An XML sitemap is a file on your website that feeds search engines data on the pages of the site as well as the crawl priority or hierarchy of site content - in other words it tells search engine crawlers what you want them to look at on your site.

Whilst having an XML sitemap does not guarantee that all your pages will get crawled and indexed, it does increase your chances, particularly if your site architecture and internal linking are not optimal.

A sitemap should be created at the root level of your site (usually mysite.com/sitemap.xml) and you should submit it to major search engines e.g. Google via Google Search Console and Bing via Bing Webmaster tools.

Improve Site Speed

This is a pretty self explanatory one. The faster your pages and links load, the faster a crawler can crawl and index them. By reducing the delay between when a Googlebot visits a page and when it can move to another, you are increasing the chances of that Google bot crawling and indexing more pages.

Ensure that your site content loads quickly by:

1. Using a fast web hosting service

When it comes to site performance, your web hosting service makes a huge difference. It can be tempting to go with the cheapest possible option for web hosting, particularly for a new website, but don’t forget to upgrade as your site begins to get more traffic.

Whilst a basic shared hosting package may be fine to start out with, once you start generating a lot of traffic to your site, you will want to consider a more robust hosting option like VPS or dedicated hosting.

2. Optimising your images

Images that are poorly optimized will tank your site’s page load speed. URLs that load oversized images will often be scaled by the browser. Scaling images in the browser is bad for performance as it takes extra CPU time and the user ends up downloading data they don't use.

You should have an upper limit for images on your site - the sweet spot here varies by site type (e.g. e-commerce sites will want to prioritise image quality a little more) but here at adaptive we recommend using an upper target of 200kb max.

All images should be compressed and optimised for web before uploading to your site.
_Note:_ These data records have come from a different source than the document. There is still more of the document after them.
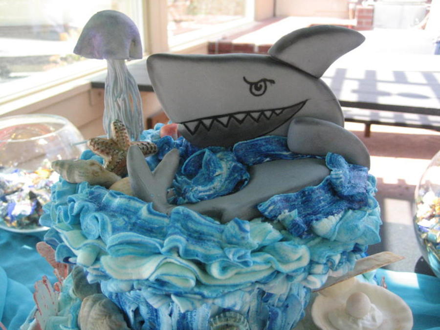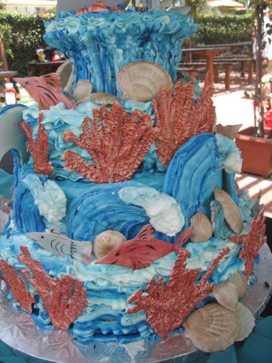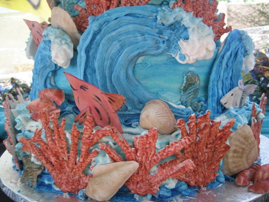 For my Middle School Grad. Fondant, GP and WC shapes, BC and RI frosting and waves. All tiers, all things edible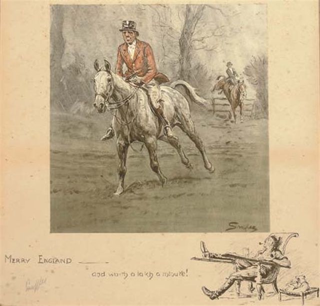 | The gent in ratcatcher; The huntsman; and Merry England all signed 'Snaffles', with snaffle blindstamp | |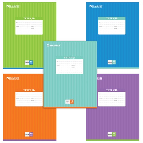 Тетрадь 18л. А5 клетка Brauberg ПОЛОСКИ ОДНОТОННЫЕ обложка мелованный картон (10/20)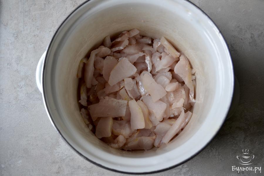 3. Нарезанное мясо переложите в кастрюлю или глубокую миску, которую в последствии можно будет закрыть.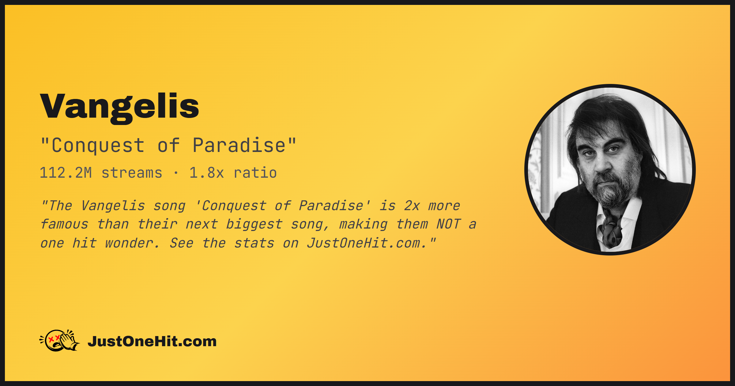 "The Vangelis song 'Conquest of Paradise' is 2x more famous than their next biggest song, making them NOT a one hit wonder. See the stats on JustOneHit.com."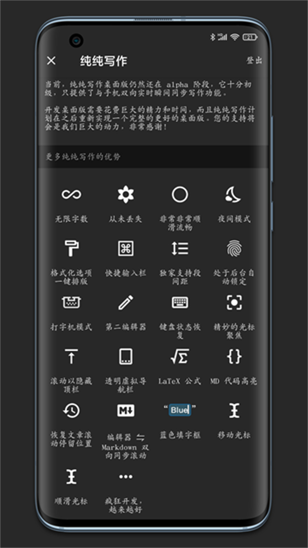 纯纯写作是一款专注文字编辑领域的写作软件,以“绝不丢失内容”为核心目标,同时兼顾快速操作与优秀体验,为用户打造高效的写作环境,它不仅配备历史记录、段间距调节、多重防丢失等基础功能,还提供丰富的写作辅助工具,满足不同场景下的创作需求,软件支持“快捷输入栏”与“格式化工具”两大实用功能。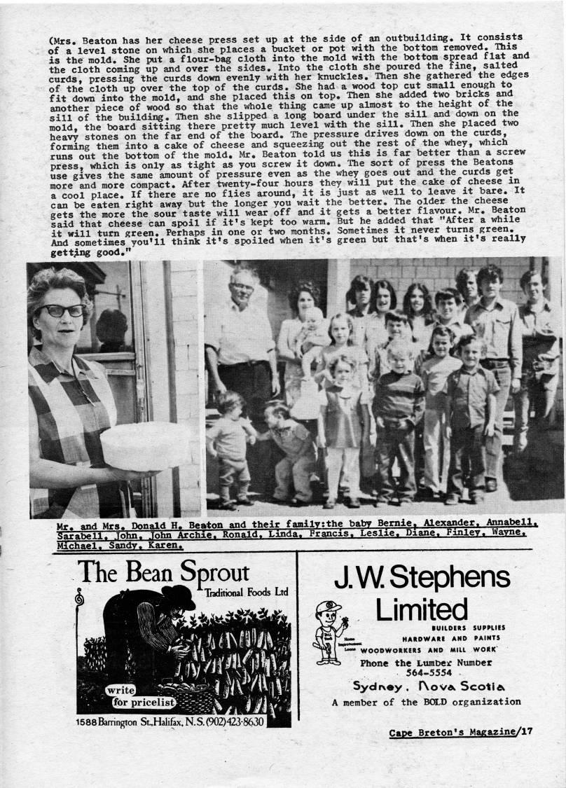 Published by Ronald Caplan on 1974/10/1 (898 reads)(Mrs. Beaton has her cheese press set up at the side of an outbuilding. It consists of a level stone on which she places a bucket or pot with the bottom removed. This is the mold. She put a flour-bag cloth into the mold with the bottom spread flat and the cloth coming up and over the sides. Into the cloth she poured the fine, salted curds, pressing the curds down evenly with her knuckles. Then she gathered the edges of the cloth up over the top of the curds. She had a wood top cut small enough to fit down into the mold, and she placed this on top. Then she added two bricks and another piece of wood so that the whole thing came up almost to the height of the sill of the building. Then she slipped a long board under the sill and down on the mold, the board sitting there pretty much level with the sill. Then she placed two heavy stones on the far end of the board. The pressure drives down on the curds, forming them into a cake of cheese and squeezing out the rest of the whey, which runs out the bottom of the mold. J4r. Beaton told us this is far better than a screw press, which is only as tight as you screw it down. The sort of press the Beatons use gives the same amount of pressure even as the whey goes out and the curds get more and more compact. After twenty-four hours they will put the cake of cheese in a cool place. If there are no flies around, it is just as well to leave it bare. It can be eaten right away but the longer you wait the better. The older the cheese gets the more the sour taste will wear off and it gets a better flavour. Mr. Beaton said that cheese can spoil if it's kept too warm. But he added that "After a while it will turn green. Perhaps in one or two months. Sometimes it never turns green. And sometimes you'll think it's spoiled when it's green but that's when it's really getti.ng good." Mr?? and Mrs, Donald H. Beaton and their familytthe baby Bemie| Alexander. Annabell. Sarabell. John. John Archie. Ronald. Linda. Francis. Leslie. Diane. Finley. Wayne. Michael. Sandy. Karen. Traditional Foods Ltd |write' por priceljj l588Barrington St.,HaIifax. N.S.(902)423-86301 J. W Stephens Limited ??uiiDERs supplies HARDWARi AND PAINTS WOODWORKERS AND Mill WORK Phone the Lumber Ntunber 564-5554 Sydrvey, fXova' Scotie' A member of the BOLD organization Cape Breton's Magazine/lT
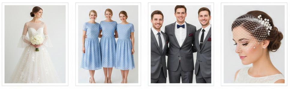 - Veils and Hair Accessories: Birdcage veils, dotted combs, or pearl-like dot pins bring vintage charm to modern looks.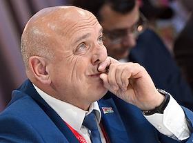 XXXIII Международный фестиваль искусств "Славянский базар" в Витебске. День национальных культур стран – участниц Шанхайской организации сотрудничества (ШОС). Встреча министров культуры стран-участниц ШОС "Диалог культур - фактор единения народов стран ШОС" в Международном пресс-центре концертного зала (КЗ) "Витебск". Министр культуры Беларуси Анатолий Маркевич во время встречи.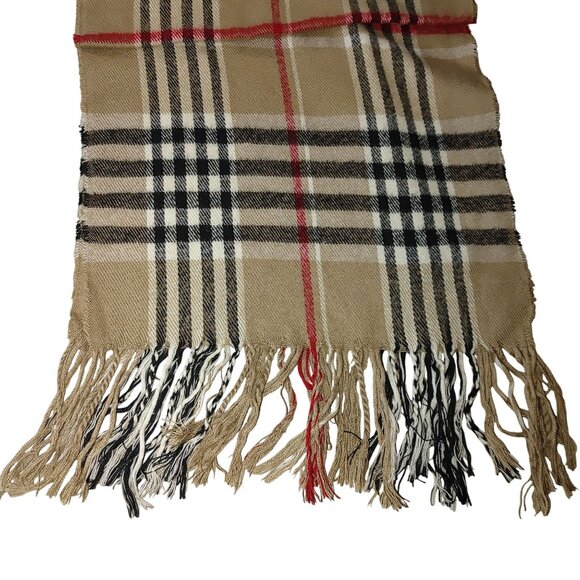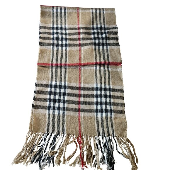 This scarf exudes timeless sophistication with its classic beige plaid design, accented by red and black checks. Crafted for warmth and style, the soft texture and fringed edges make it an essential accessory for chilly days. Its versatile length lends itself to various draping styles, ensuring both comfort and elegance.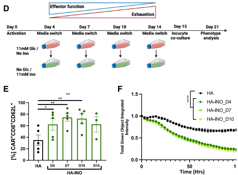 相较之下,顺利获得表达锚定的腺苷脱氢酶(ADA)—将Ado代谢为肌苷(INO),则可以显著提升CAR-T细胞的干性,且耗竭相关基因下调。而在培养过程中添加INO可以达到同样效果,且提升了CAR-T细胞的效应功能。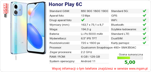 Dane telefonu Honor Play 6C na Twojej stronie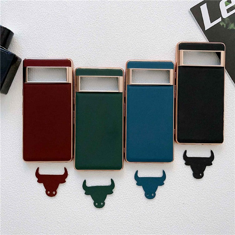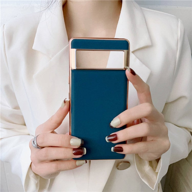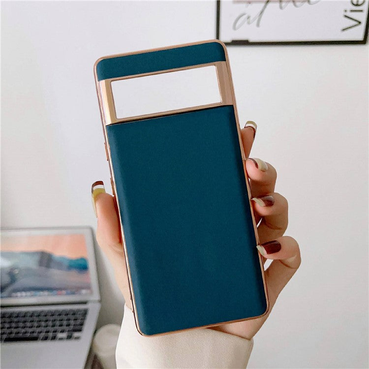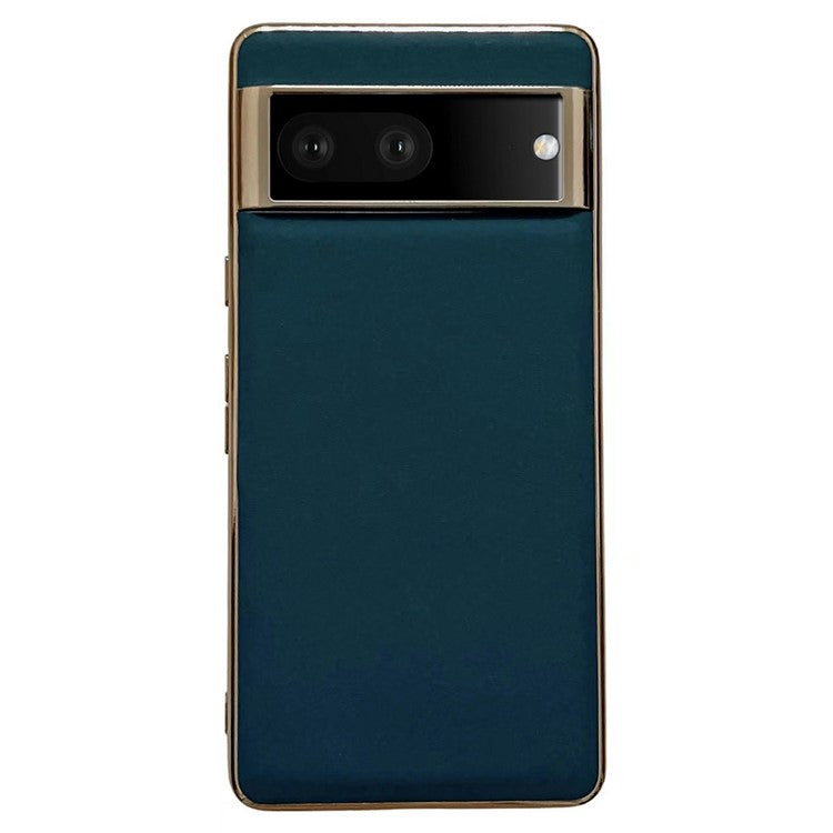 Cell Phone Back Cover for Google Pixel 7 5G, Drop Protection Nano Electroplating Genuine Leather Coated TPU Phone Case - Blue

Photoshop and other common photo editing tools have "Save for web" options or similar.

3. Using a Content Delivery Network (CDN)

Using a Content Delivery Network (CDN) is a good option, particularly if you have a lot of traffic from a wide geographical range - a CDN is essentially a global network of servers on which you can cache your site content. When a user requests files from your site, that request will be routed to the closest server.

4. Minimising HTTP requests

A HTTP request is made each time an element on your page is downloaded e.g. an image, stylesheet, script, etc.

Some CMSs and themes are notorious for bloating your page templates with scripts. Each additional tracking tool, 3rd party integration or other “plugin” will add to this bloat.

Make sure that your site’s code is as lightweight and efficient as possible and only add bulk (e.g 3rd party plugins) where they add significant value to your user.

5. Minifying and combining files

HTML, CSS and JavaScript files are pivotal to how your site appears and behaves.

However they also add to the amount of HTTP requests that your site needs to make each time a user views a page.

You can reduce bloat by minifying and combining files where appropriate.

Minifying files involves optimisations like removing unnecessary commas, spaces, other characters, code comments, stale code and formatting.

Combining files is exactly what it says on the tin - if you have multiple CSS or JavaScript files running on your site, you can sometimes combine these to reduce the amount of HTTP requests required

6. Using Asynchronous Loading for CSS and Javascript files

Scripts like CSS and JavaScript can be loaded in two different ways: Synchronously or Asynchronously.

Asynchronous loading involves downloading and applying a page resource in the background, independently of other resources rather than one at a time, in the order they appear on the page.

Loading files asynchronously can improve pagespeed by ensuring the browser loads your page from top to bottom.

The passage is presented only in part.